▶ **WHAT TO PRODUCE**: From the listing below, output only the lines starting at the line that has "Entre tanto bichito, no" and ending at the line that has "先週の金曜日(4/10)に買", exactly as they appear, ends included.

▶ **RECORD EXTRACTS**:
--- START ---
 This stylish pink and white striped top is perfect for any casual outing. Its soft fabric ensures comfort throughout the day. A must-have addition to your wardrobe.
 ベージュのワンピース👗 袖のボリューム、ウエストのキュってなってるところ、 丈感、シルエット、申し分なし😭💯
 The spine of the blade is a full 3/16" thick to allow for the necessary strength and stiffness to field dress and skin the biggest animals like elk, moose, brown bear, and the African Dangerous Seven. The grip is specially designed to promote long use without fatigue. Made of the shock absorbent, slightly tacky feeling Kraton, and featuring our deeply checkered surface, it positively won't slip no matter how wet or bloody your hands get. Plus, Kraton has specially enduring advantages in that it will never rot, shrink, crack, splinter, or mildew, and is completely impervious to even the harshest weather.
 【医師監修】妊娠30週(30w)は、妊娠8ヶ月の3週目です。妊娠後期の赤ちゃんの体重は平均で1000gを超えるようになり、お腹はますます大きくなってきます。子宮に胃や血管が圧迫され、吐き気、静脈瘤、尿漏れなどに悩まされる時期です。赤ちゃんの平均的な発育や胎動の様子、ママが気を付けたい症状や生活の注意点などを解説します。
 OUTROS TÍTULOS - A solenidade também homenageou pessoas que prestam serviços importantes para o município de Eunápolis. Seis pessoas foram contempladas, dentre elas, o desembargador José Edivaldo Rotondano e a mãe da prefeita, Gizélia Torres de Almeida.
--- END ---
--- START ---
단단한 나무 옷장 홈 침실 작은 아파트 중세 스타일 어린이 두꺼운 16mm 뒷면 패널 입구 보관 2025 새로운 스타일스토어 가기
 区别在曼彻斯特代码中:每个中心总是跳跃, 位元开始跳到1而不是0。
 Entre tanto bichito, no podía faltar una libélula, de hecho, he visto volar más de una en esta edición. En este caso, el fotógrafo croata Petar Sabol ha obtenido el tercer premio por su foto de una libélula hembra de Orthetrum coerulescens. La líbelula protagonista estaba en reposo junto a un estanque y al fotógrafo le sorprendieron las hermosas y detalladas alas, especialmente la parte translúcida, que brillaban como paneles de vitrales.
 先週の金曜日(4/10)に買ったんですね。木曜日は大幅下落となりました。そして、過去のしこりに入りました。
--- END ---
▶ **WRITTEN ANSWER**:
 Entre tanto bichito, no podía faltar una libélula, de hecho, he visto volar más de una en esta edición. En este caso, el fotógrafo croata Petar Sabol ha obtenido el tercer premio por su foto de una libélula hembra de Orthetrum coerulescens. La líbelula protagonista estaba en reposo junto a un estanque y al fotógrafo le sorprendieron las hermosas y detalladas alas, especialmente la parte translúcida, que brillaban como paneles de vitrales.
 先週の金曜日(4/10)に買ったんですね。木曜日は大幅下落となりました。そして、過去のしこりに入りました。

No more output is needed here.